Oui, Je pense que oui parce que l’Ecolint offre un curriculum histoire, autant le BI que le ULP, qui est un curriculum intéressant car il laisse au enseignants la possibilité de choisir les thèmes et encore une fois, rien que le choix permet de bien se positionner. Car l’idée c’est de donner des differents points de vus. Et le fait d’offrir un choix varié est positif dans le cadre de la neutralité. Parce que quand il n’y a pas de choix possible on n’est plus neutre. L’Ecolint joue un rôle important en tant qu’établissement privé international, réunissant de nombreuses nationalités. En ce sens, elle peut être vue comme un organisme international, échappant ainsi à la contrainte imposée à de nombreuses écoles publiques. Ce restreint est le devoir d’enseigner un roman national, tant en Suisse qu’en France ou qu’au Cameroun. L’histoire est orientée, avec un narratif d’etat qu’il faut transmettre. Puis aussitôt que l’enseignant sort de ce narratif il fait face à des soucis. Donc grâce à la nature d’Ecolint, l’enseignement de l’histoire de façon neutre et variée est favorable.
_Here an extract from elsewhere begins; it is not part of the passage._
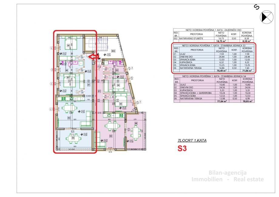 Stan oznake S3 se nalazi na prvom katu zgrade koja se sastoji od prizemlja i dva kata. Ukupno 6 stanova. Udaljenost od mora je 650 m.
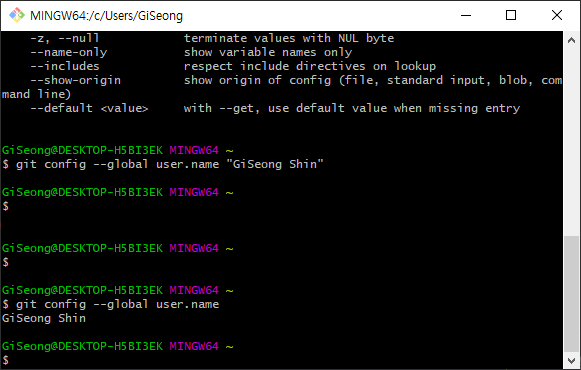 user.name 을 설정해주고.

Est-ce que le but de l’objectivité est incompatible et peut potentiellement empêcher des discussions ouvertes sur des sujets controversés?
Non, absolument pas, parce que la classe histoire est le lieux où peuvent s’exprimer les points de vue. La différence entre l’école et la rue c’est que quand on discute dans la rue sur des sujets controversés on se bagarre. Mais dans la classe ceci n’est pas le cas, car ici on apprend à comprendre les points de vus, ce qui fait partie de viser l’objectivité. Pour atteindre l’idéal de l’objectivité il faut connaitre plusieurs points de vue. Car si on n’impose qu’un seul sur les autres, c’est ce qu’on appelle un égocentrisme, qui devient un pluralisme. Mais ce n’est pas véritablement du pluralisme ou encore du mondialisme car le point de vue est imposé. Tant qu’on ne connaît pas les oubliés de l’histoire, que ce soit intentionnellement ou pas, et qu’on ne les mets pas en lumières, le pluralisme ne peut pas exister. La recherche d’objectivité n’est donc pas incompatible avec les thématiques controversées.
Comment peut-on essayer de reconnaître ses propres biais et préjugés?
Il faut déjà reconnaître qu’on n’est pas objectif. Se dire qu’on est objectif c’est se mentir. On est toujours situé et moi je suis le premier situé, on l’est tous. Le reconnaître c’est le premier pas, le deuxième pas, est ce que les historiens font, notamment d’utiliser des sources contradictoires à leur point de vue principal. Pour donner à voir plusieurs perspectives à leur point de vue. Après avoir croisé les sources on peut retourner à son opinion sans soucis. Mais on le fait en sachant que ceci est notre propre narratif personnel.